| .. | ||
| denmark_wikidata_fuzzy_matches.csv | ||
| README.md | ||
Wikidata Fuzzy Match Review Package
This directory contains files for manual validation of fuzzy Wikidata matches in the Danish GLAM dataset.
📋 Package Contents
Review Data
denmark_wikidata_fuzzy_matches.csv- Main review file (185 fuzzy matches)- ACTION REQUIRED: Fill in
validation_statusandvalidation_notescolumns - Prioritized by match score (Priority 1 = most uncertain)

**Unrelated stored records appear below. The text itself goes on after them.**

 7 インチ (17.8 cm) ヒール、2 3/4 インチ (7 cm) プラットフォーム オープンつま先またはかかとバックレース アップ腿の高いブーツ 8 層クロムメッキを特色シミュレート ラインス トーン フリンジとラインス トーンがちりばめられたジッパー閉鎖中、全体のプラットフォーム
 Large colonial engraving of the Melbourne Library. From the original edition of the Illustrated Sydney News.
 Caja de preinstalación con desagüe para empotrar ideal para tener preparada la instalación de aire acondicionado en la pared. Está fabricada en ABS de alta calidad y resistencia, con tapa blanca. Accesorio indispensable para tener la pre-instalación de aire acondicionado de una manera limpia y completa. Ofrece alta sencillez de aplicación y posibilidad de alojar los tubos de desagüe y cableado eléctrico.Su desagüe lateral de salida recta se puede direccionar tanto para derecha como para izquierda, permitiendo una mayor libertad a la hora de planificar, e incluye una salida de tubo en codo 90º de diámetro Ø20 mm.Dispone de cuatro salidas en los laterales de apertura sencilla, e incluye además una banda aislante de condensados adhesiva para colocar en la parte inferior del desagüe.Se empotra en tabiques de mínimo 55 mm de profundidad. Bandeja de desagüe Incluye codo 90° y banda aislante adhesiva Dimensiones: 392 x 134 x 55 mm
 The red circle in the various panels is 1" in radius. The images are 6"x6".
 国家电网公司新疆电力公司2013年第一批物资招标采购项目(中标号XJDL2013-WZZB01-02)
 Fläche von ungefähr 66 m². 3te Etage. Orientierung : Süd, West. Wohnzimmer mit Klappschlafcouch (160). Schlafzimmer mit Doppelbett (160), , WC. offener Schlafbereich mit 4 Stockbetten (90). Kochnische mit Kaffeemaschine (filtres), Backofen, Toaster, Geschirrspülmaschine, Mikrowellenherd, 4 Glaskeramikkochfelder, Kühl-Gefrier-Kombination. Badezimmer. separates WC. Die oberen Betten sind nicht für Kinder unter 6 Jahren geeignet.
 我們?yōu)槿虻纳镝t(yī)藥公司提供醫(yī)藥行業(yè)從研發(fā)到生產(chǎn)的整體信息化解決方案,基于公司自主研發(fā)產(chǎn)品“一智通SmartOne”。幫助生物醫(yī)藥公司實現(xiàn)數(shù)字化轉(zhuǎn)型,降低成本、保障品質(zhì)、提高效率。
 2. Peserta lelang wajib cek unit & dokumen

- ACTION REQUIRED: Fill in
Documentation
See /docs/ directory:
WIKIDATA_VALIDATION_CHECKLIST.md- Step-by-step validation guideWIKIDATA_FUZZY_MATCH_REVIEW_SUMMARY.md- Complete overview and FAQ
Scripts
See /scripts/ directory:
generate_wikidata_review_report.py- ✅ Already run (generated this CSV)check_validation_progress.py- Check review progress anytimeapply_wikidata_validation.py- Apply completed review to dataset
🚀 Quick Start
1. Open CSV for Review
# Option A: Excel
open denmark_wikidata_fuzzy_matches.csv
# Option B: Google Sheets
# Upload denmark_wikidata_fuzzy_matches.csv
# Option C: LibreOffice
libreoffice --calc denmark_wikidata_fuzzy_matches.csv
2. Review Process (For Each Row)
- Compare names:
institution_namevswikidata_label - Click URL: Visit
wikidata_urlto verify match - Check metadata: City, institution type, ISIL code
- Decide: Fill
validation_statuswith:CORRECT- Keep Wikidata linkINCORRECT- Remove Wikidata linkUNCERTAIN- Flag for expert review
- Document: Add explanation in
validation_notes(optional but recommended)
3. Check Progress
python ../scripts/check_validation_progress.py
Output shows:
- Overall completion percentage
- Progress by priority level
- Estimated time remaining
- Quality indicators
4. Apply Validation Results
# After completing review
python ../scripts/apply_wikidata_validation.py
Output:
denmark_complete_validated.json(updated dataset)- Statistics: X CORRECT, Y INCORRECT, Z UNCERTAIN
📊 Review Statistics
Generated: 2025-11-19
Total Fuzzy Matches: 185
Match Score Range: 85-99%
Priority Breakdown
| Priority | Score Range | Count | Status |
|---|---|---|---|
| 1 | 85-87% | 58 | ⬜ Not Started |
| 2 | 87-90% | 62 | ⬜ Not Started |
| 3 | 90-93% | 44 | ⬜ Not Started |
| 4 | 93-96% | 14 | ⬜ Not Started |
| 5 | 96-99% | 7 | ⬜ Not Started |
Recommended Focus: Priority 1-2 (120 matches = 64.9%)
Institution Types
- LIBRARY: 152 (82.2%)
- ARCHIVE: 33 (17.8%)
⏱️ Time Estimates
- Priority 1-2 (120 matches): 4-6 hours (~2-3 min per match)
- Priority 3-5 (65 matches): 1-2 hours (~1-2 min per match)
- Total: 5-8 hours
Tips for Faster Review:
- Sort by priority (start with 1)
- Filter by institution type (review all libraries, then archives)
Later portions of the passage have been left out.